- _WHAT TO DO_
Omit all pictures and transcribe only the lines in the entries below that run from the line with "Kitchen Scissors |" through the line with "Custom Light Blue".

- _SUPPLIED ENTRIES_

++++++++++

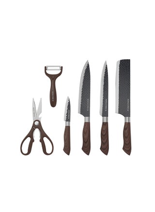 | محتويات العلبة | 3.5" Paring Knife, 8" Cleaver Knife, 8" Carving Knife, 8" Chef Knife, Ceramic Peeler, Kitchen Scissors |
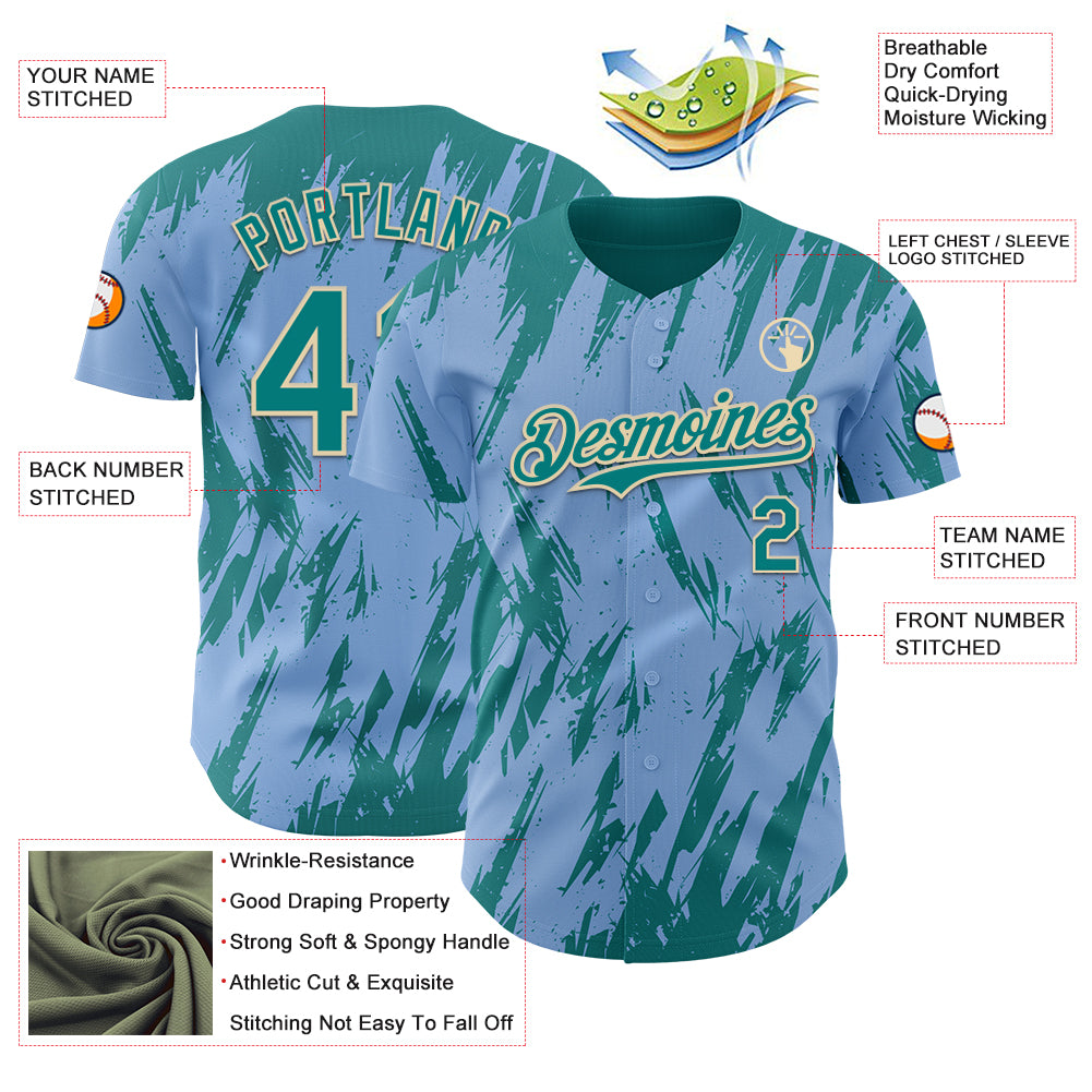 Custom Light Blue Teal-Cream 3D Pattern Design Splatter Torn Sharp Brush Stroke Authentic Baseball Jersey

++++++++++

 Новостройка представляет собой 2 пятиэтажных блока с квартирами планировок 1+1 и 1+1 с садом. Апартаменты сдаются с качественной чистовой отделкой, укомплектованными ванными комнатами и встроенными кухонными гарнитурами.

++++++++++

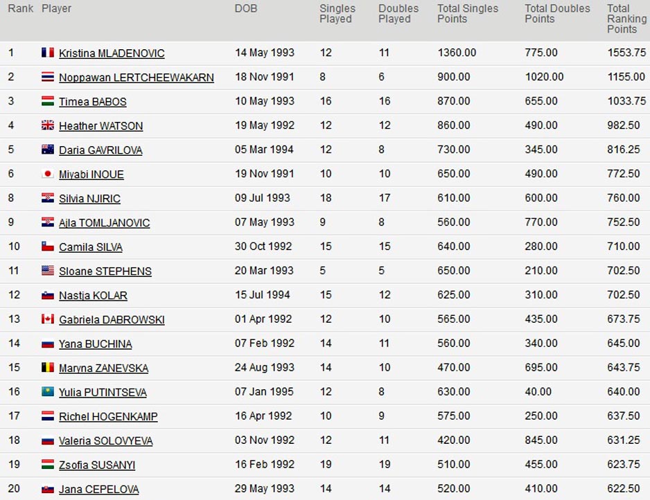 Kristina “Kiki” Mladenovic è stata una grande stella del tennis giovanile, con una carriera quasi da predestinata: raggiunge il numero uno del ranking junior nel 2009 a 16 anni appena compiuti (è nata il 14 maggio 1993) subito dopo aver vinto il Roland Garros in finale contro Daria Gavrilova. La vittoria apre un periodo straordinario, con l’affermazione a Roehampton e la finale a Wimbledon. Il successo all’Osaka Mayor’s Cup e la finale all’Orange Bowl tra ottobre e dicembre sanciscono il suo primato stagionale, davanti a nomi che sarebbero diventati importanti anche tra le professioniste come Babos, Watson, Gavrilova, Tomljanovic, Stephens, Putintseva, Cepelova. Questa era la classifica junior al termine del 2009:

++++++++++

- _WRITTEN SOLUTION_
 | محتويات العلبة | 3.5" Paring Knife, 8" Cleaver Knife, 8" Carving Knife, 8" Chef Knife, Ceramic Peeler, Kitchen Scissors |
 Custom Light Blue Teal-Cream 3D Pattern Design Splatter Torn Sharp Brush Stroke Authentic Baseball Jersey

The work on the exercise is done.